Was this how they pulled you in? Would I wind up joining the Sea Org?
I shuddered. Never, ever, ever. I could imagine a few hours a day, for maybe a few years, devoted to the Church, but twelve-plus hours a day for not only this lifetime, but for millions of them? If you signed that contract, you not only gave up all worldly possessions; you gave them up to Scientology. Your saving accounts, your house—even, to some degree, your family. If your spouse or parents didn’t approve of your joining, you had to get them to either join or accept that you had, or agree not to see them: to “disconnect.”
Sea Org members lived simply.

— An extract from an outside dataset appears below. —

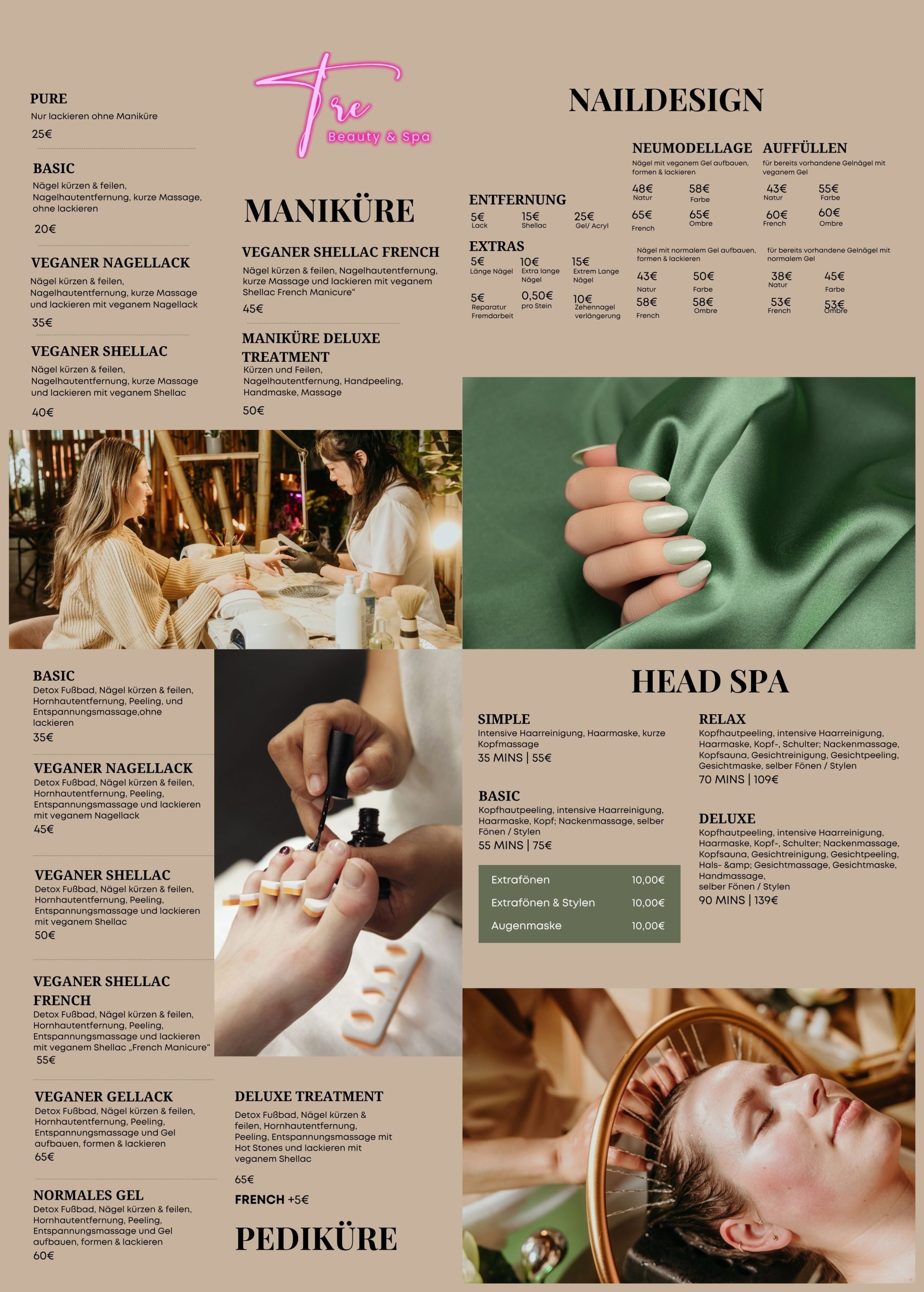 Tre Beauty & Spa bietet eine Vielzahl an hochwertigen Dienstleistungen, die darauf ausgerichtet sind, Ihnen ein Gefühl von Schönheit und Wohlbefinden zu schenken. Von entspannenden Massagen und pflegenden Gesichtsbehandlungen bis hin zu stilvollem Nageldesign und perfekter Wimpernverlängerung – bei uns stehen Ihre Wünsche im Mittelpunkt. Lassen Sie sich von unseren erfahrenen Experten verwöhnen und genießen Sie eine Auszeit in entspannter Atmosphäre.

Hubbard’s word is “monastic.” When I imagined where they slept, what came to mind was a dreadful combination of catacombs and a college dorm. When people joined, they accepted, along with everything else, that their weekly salary would be based on their Org’s overall stats, which meant that they might not be paid at all. Although hadn’t I joined the Center under a similar financial arrangement? Jessica had been persuasive: We were near Rodeo Drive! We’d attract upstats! The stats would eventually be up too, and so would my salary.
As I gazed up and down L. Ron Hubbard Way, fretting about Skip, I thought about an encounter a few weeks previous, when Skye and I were out to dinner at a nearby Mexican restaurant. As we were being led to our booth, we passed a couple sitting very close together at a small table. Before them was a single wide-rimmed margarita glass with two straws. Also before them was a paperback. They recognized Skye, and as he paused to speak with them, I realized they were sharing that margarita. They turned the book over as we chatted; on its lurid and shiny cover, a humanoid held two blasting lasers. It was Battlefield Earth, the first volume of Hubbard’s sci-fi series. I’d been told that in these volumes LRH outlined the history of the planet according to him, that they hinted at the confidential materials one could learn only at the upper levels of the Bridge (something about past lives and intergalactic wars that led to humans being imprisoned on the penal colony known as Earth). I hadn’t read the book. I had no interest in reading it. One didn’t waste time on sci-fi; it wasn’t literary. Also I didn’t want to know about the supposed history of the religion—which I wondered, even then, if Hubbard had simply invented, as an author does a story.